Pinjaman ‘Ariyah
Makalah ini disusun untuk menyelesaikan tugas Fiqh Mu’amalah
Dibimbing oleh:
Moch. Novi Rifa’i. MA
Disusun oleh:
Tk. Umar Johan 201310510311020
Ekonomi Syariah-FAI-UMM 2013-2014
BAB I
PENDAHULUAN
A. Latar Belakang
Sudah menjadi kodrat manusia bahwa hidup di dunia ini selalu hidup berkelompok-kelompok, dengan demikian manusia tidak lepas dari yang namanya tolong-menolong, berbagi dan saling melengkapi satu sama lain, karena kita hidup di dunia ini saling membutuhkan. Realita dunia sekarang ini, manusia bekerja siang dan malam untuk mencari kesenangan dan keselarasan hidup. Sudah menjadi lumrah bahwa manusia ingin mendambakan kehidupan yang serba mewah dengan mobil, rumah, memiliki aksesoris yang mahal dan sebagainya. Dengan begitu rata-rata untuk memenuhi kebutuhan itu, masyarakat menengah kebawah bahkan yang menengah keatas sering melakukan pinjaman(‘ariyah) kepada orang atau instansi-instansi tertentu untuk menikmati taraf hidup yang lebih setara seperti yang kami sebutkan tadi. Sebagai umat muslim perlu kiranya kita mengetahui tata cara peminjaman (‘ariyah) menurut pandangan Islam. Maka sebab itulah kami sebagai penyusun akan menjelasakan bagaimana konsep pinjaman (‘ariyah) itu menurut pandangan islam beserta ruang lingkupnya ?, dengan demikian penyusun berharap pembaca agar lebih mudah memahami makalah mengenai konsep peminjaman (‘ariyah), sehingga kita nantinya bisa menerapkan dan tidak bingung lagi bagaimana tata cara penerapan peminjaman (‘ariyah) menurut pandangan islam di tengah-tengah masyarakat.
B. Rumusan Masalah
Rumusan masaalah konsep pinjaman (‘ariyah) dapat kami rangkum mengenai berikut ini:
1. Pengertian ‘ariyah.
2. Dasar hukum ‘ariyah.
3. Rukun dan syarat ‘ariyah.
4. Pembayaran pinjaman.
5. Tata krama berutang.
BAB II
PEMBAHASAN
A. Pengertian ‘Ariyah
Secara etimologi, ‘ariyah adalah أَ لْعَا رِ ىَة di ambil dari kata عَا رَ yang berarti datang dan pergi. Menurut sebagian pendapat, ‘ariyah berasal dari kata “at-ta’awur” yang sama artinya dengan “saling menukar dan mengganti” yakni dalam tradisi pinjam meminjam.[1] Sedangkan menurut istilah pinjaman (‘ariyah) adalah memberikan manfaat suatu yang halal kepada orang lain untuk di ambil manfaatnya dengan tidak merusak satnya, agar zat barang itu dapat dikembalikan.
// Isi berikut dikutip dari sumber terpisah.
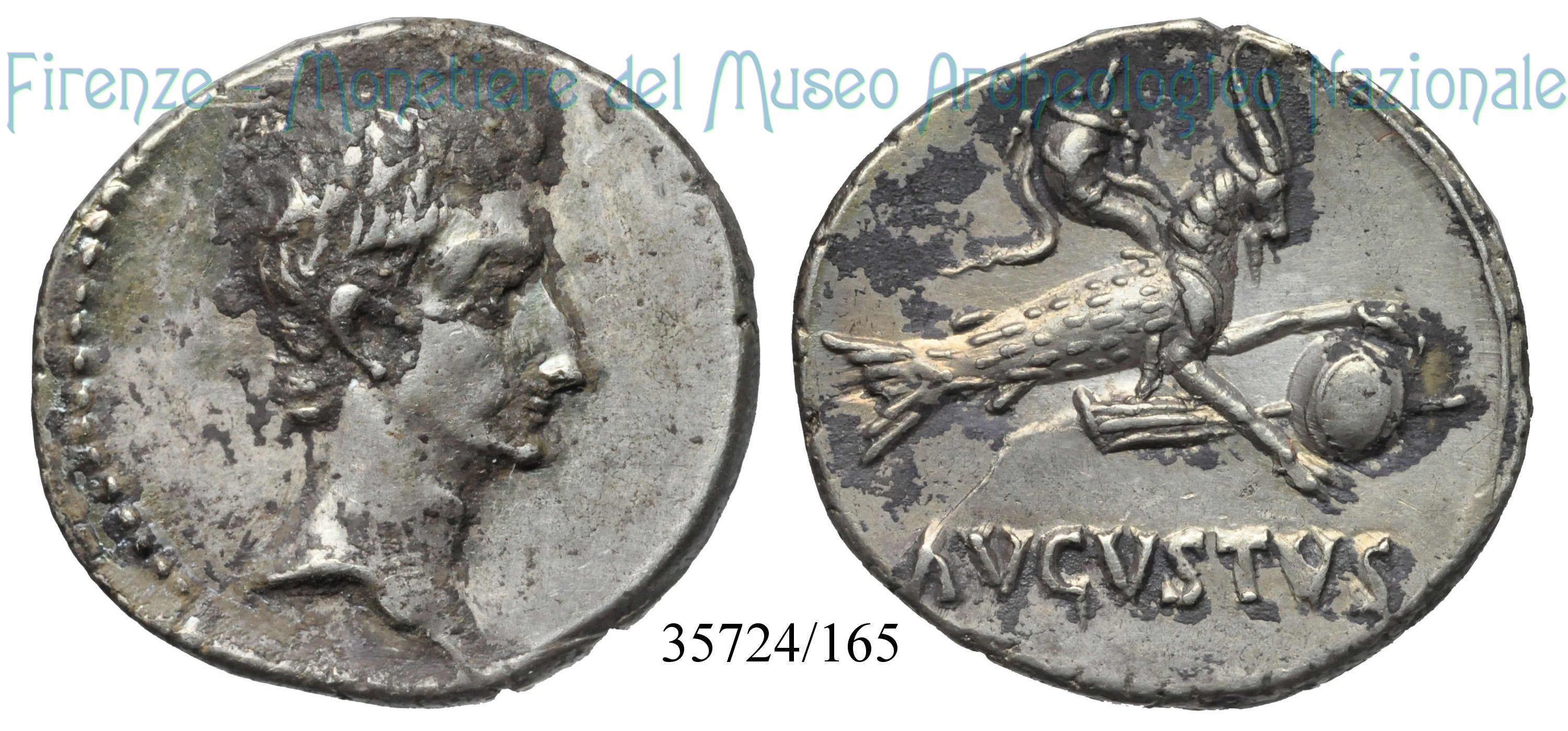 IMP- CAESAR / RIC 269a (come Ottaviano) (29-27 a.C. - Brundisium o Roma) D/ R/ IMP- CAESAR RIC I, 264 (Migliarini 55) (B) | Monetiere Archeologico Firenze | Mon 14/10/13 - 22:29 | ||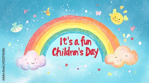 © TranNgoc, Fototapeta premium Flat 2D vector illustration with a hand-drawn rainbow arch above red handwritten text "It's a fun Children's Day", soft pastel blue background, minimal clouds floating,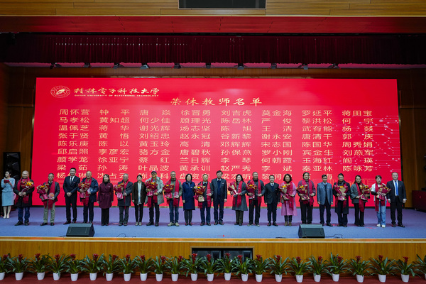 校党委书记唐平秋代表学校党委、行政,向70余位近两年光荣退休的教职工,向全体离退休老同志表示衷心的感谢和崇高的敬意。他指出,荣休教职工把美好年华献给了桂电,见证了学校的改革、建设、发展,是学校的宝贵财富,是年轻教师奋发向上的精神动力,是青年学生成长进步的励志榜样。学校的每一点变化、每一步发展、每一项成就,都蕴含着他们的心血和智慧,凝结着他们的辛勤和汗水。他希望荣休教职工退休不退志、离岗不离心,一如既往地关心、支持学校事业的发展,积极帮助青年教师成长,争做爱党爱国的坚定者、桂电精神的传承者、青年师生的引路者。学校将以“思想上关心、生活上照顾、精神上关怀”为宗旨,用心用情、尽心尽力做好离退休工作,为离退休教职工提供周到细致的服务,定期向大家报告学校工作情况,及时分享事业发展的喜悦。希望广大教职工尤其是青年教师,要汲取老同志身上的宝贵经验、优良作风、光荣传统,学习老同志的忠诚品格、育人信仰、公仆情怀,牢记为党育人、为国育才的初心使命。广大青年学生要爱校荣校、勤奋苦学、全面发展,以实际行动回报老师们的谆谆教诲。

Tiap-tiap yang mungkin di ambil manfaatya dengan tidak merusakan zat barang itu, boleh di pinjam atau di pinjamkan. Adapun beberapa pendapat mengenai ‘ariyah yaitu sebagai berikut.
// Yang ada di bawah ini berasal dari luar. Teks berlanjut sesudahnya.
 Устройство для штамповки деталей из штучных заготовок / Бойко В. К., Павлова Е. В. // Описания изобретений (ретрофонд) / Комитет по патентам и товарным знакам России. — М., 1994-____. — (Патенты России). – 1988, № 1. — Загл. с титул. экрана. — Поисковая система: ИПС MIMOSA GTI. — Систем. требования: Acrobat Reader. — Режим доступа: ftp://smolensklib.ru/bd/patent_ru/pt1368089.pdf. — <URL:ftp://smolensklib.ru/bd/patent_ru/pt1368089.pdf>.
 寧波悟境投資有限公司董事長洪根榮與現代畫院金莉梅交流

1. Menurut Hanafiyah, ‘ariyah ialah: “Memiliki manfaat secara cuma-Cuma.”
2. Menurut Malikiyah, ‘ariyah ialah: “memiliki manfaat dalam waktu tertentu dengan tanpa imbalan.”
3. Menurut Syafi’iyah, ‘ariyah iyalah:“Kebolehan mengambil manfaat dari seorang yang membebaskannya, apa yang mungkin untuk dimanfaatkan, serta tetap zat barangnya supaya dapat dikembalikan kepada pemiliknya.”
4. Menurut Hanabilah, ‘ariyah ialah: “Kebolehan mengambil manfaat suatu zat barang tanpa imbalan dan peminjam atau yang lainnya.”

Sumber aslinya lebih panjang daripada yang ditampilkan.